Cuando todas esas cosas suceden, siempre se hace Cristo el encontradizo, y se “transfigura” en tu presencia, cuando encontraste la mirada tierna, cálida, acogedora de tu hijo que te sonreía y tendía las manos hacia ti, cansado, rendido, desplomado por la tarde. O la sonrisa del pequeño minusválido que aguardaba complaciente a que tú te cruzaras con su mirada en la sala del médico.
A lo mejor fue la mirada transparente de una joven limpia de alma, a la que tú hiciste proposiciones indecorosas cuando te encontraste en la calle con ella y ella te dijo cándida pero alegre que su vida era muy valiosa como para compartirla miserablemente con quien no era digno de ella. O a lo mejor fueron los ojos de la mujer que se ofrecía a darte un poco de placer a cambio de unos cuantos pesos porque sus hijos esperaban en casa sin haber probado bocado ese día. O a lo mejor fue la palabra de un anciano sacerdote que de lo profundo de su corazón invitaba esa tarde en que pasabas distraídamente por la iglesia solitaria en la que les predicaba a unas cuantas viejas, cuando escuchaste la invitación a dejar el corazón endurecido por el pecado, para poder encontrarte con un Cristo que te sonreía en las especies sacramentales, en el sacramento eucarístico.

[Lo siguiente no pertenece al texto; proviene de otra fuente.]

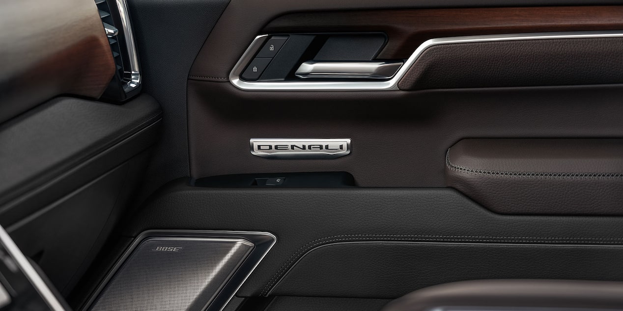A 13.4-inch diagonal infotainment touchscreen comes standard on SLE and higher trims, and the SLT and above boast a 12.3-inch digital instrument cluster. The Denali and Denali Ultimate trims feature premium leather seating with 16-way power adjustments and a 15-inch multicolor head-up display. Premium open-pore wood trim and authentic aluminum accents elevate the Denali Ultimate's luxurious feel. The Sierra accommodates five to eight passengers depending on cab configuration. A premium Bose audio system with Centerpoint surround sound enhances the audio experience.
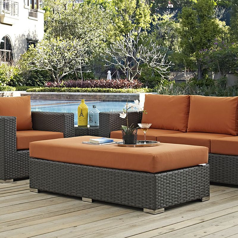 Outfit your patio with an imaginative outdoor sectional series of exceptional quality. The Sojourn series offers a robust seating experience that easily rearranges according to usage. Outfitted with industry-leading Sunbrella® fabric cushions, synthetic rattan weave, UV protection, powder-coated aluminum frame, immensely enjoy your outdoor time with a series that enhances patio, backyard or poolside areas. This installment of the series is an Outdoor Patio Rectangle Ottoman.
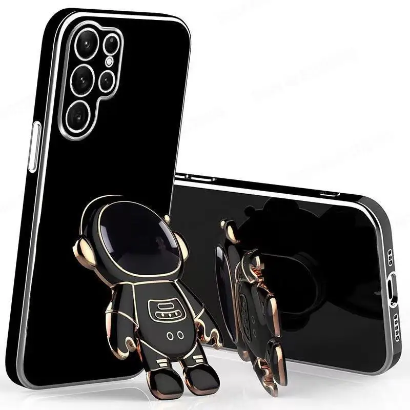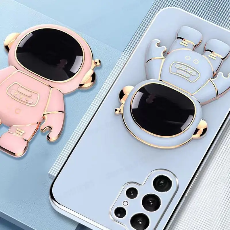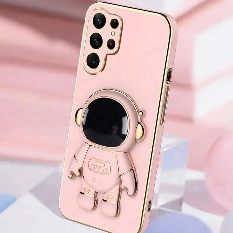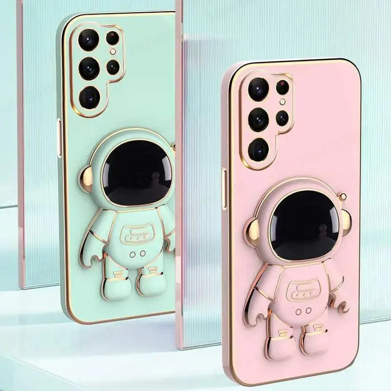 Para Samsung S23 Ultra 3D dibujos animados astronauta soporte chapado funda para Galaxy S21FE S21 S20 Plus S20 funda de teléfono de silicona Ultra suave
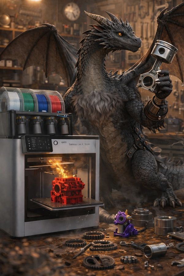 Jerry is the technical genius of the workshop. Powered by a Bambu X1 Carbon with AMS, he thrives when projects demand tight tolerances, advanced materials, and flawless execution.
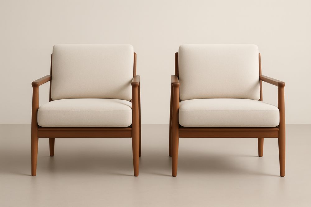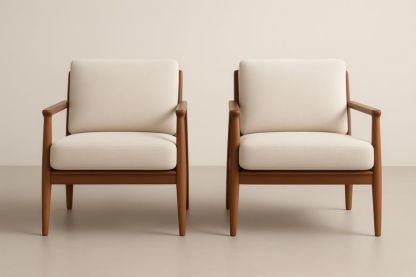 Set di Due Poltrone in Legno massello e Tessuto Crema con cuscini

Cristo tiene muchas formas de transfigurarse. Pero si sabemos que nosotros somos parte de Cristo, si sabemos que nos hemos encontrado por primera vez con él en el bautismo, si ahora Cristo se hace presente a través de nosotros, ¿cuándo comenzarás a trasfigurarte tú también ante tus propios hermanos? ´¿Cuándo comenzarán a mostrar que tras ese corazón duro, insensible, injusto, lujurioso, prepotente, se encuentra el corazón mismo de Cristo que quiere comprender, servir a amar a todos los hombres desde tu propio corazón?